Medienbericht China schickt offenbar Tausende Soldaten zusätzlich nach Hongkong

In Hongkong mobilisieren die Proteste gegen Chinas Einfluss seit Monaten Zehntausende Menschen. Einem Bericht zufolge hat Peking die militärische Präsenz in der Sonderverwaltungszone nun mehr als verdoppelt.

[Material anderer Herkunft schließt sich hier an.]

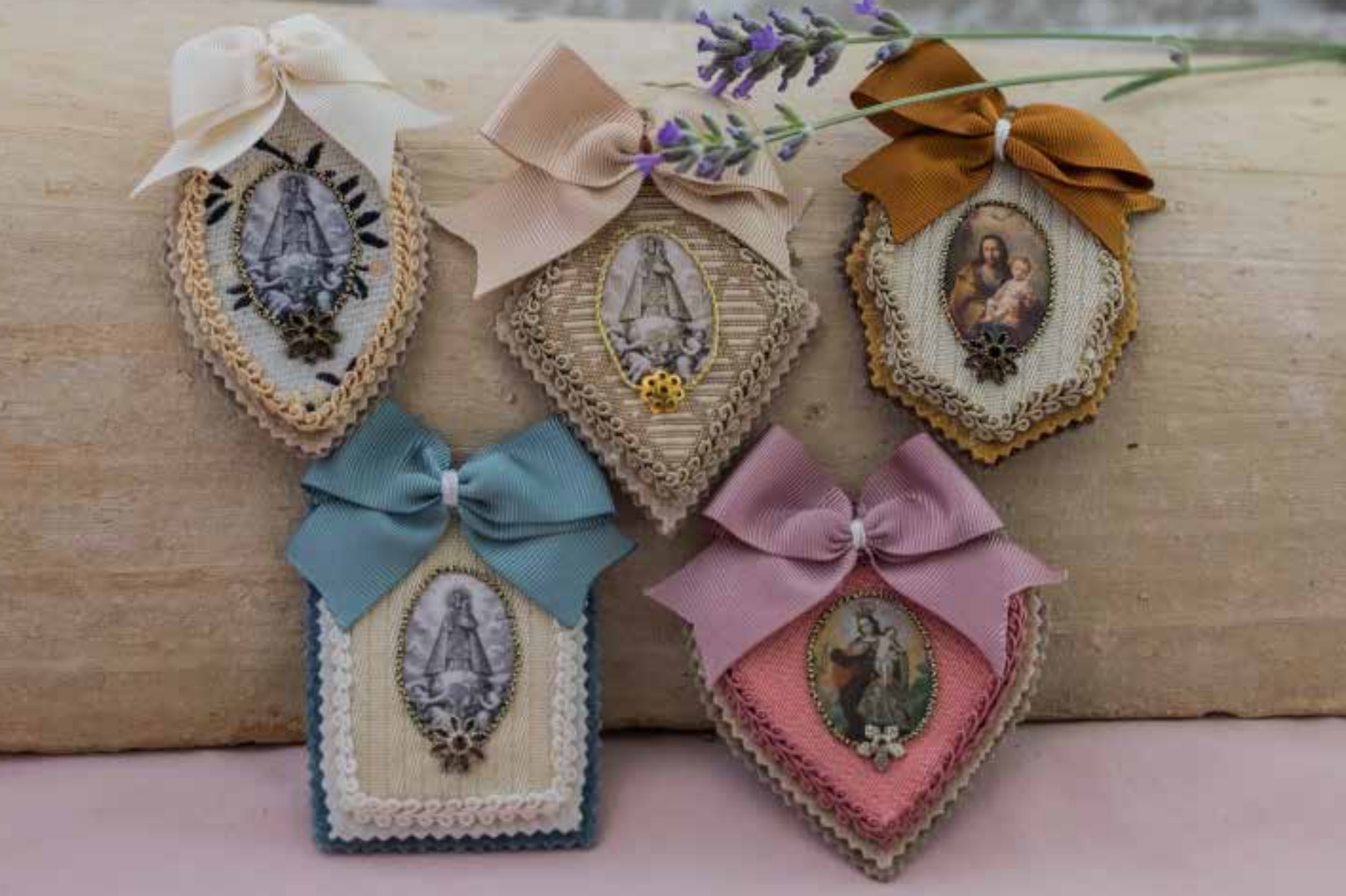
502 Broche Mediano 4 x 6 cm

Chinesische Soldaten in Hongkong: Mehr Mitglieder der Volksbefreiungsarmee als je zuvor
Tyrone Siu/REUTERS

Chinesische Soldaten in Hongkong: Mehr Mitglieder der Volksbefreiungsarmee als je zuvor


Trotz der Drohgebärden aus China flauen die Proteste in Hongkong auch nach Monaten nicht ab. Nach Informationen der Nachrichtenagentur Reuters hat die Volksrepublik nun Tausende zusätzliche Einsatzkräfte in die Sonderverwaltungszone verlegt und damit seine militärische Präsenz dort offenbar mehr als verdoppelt.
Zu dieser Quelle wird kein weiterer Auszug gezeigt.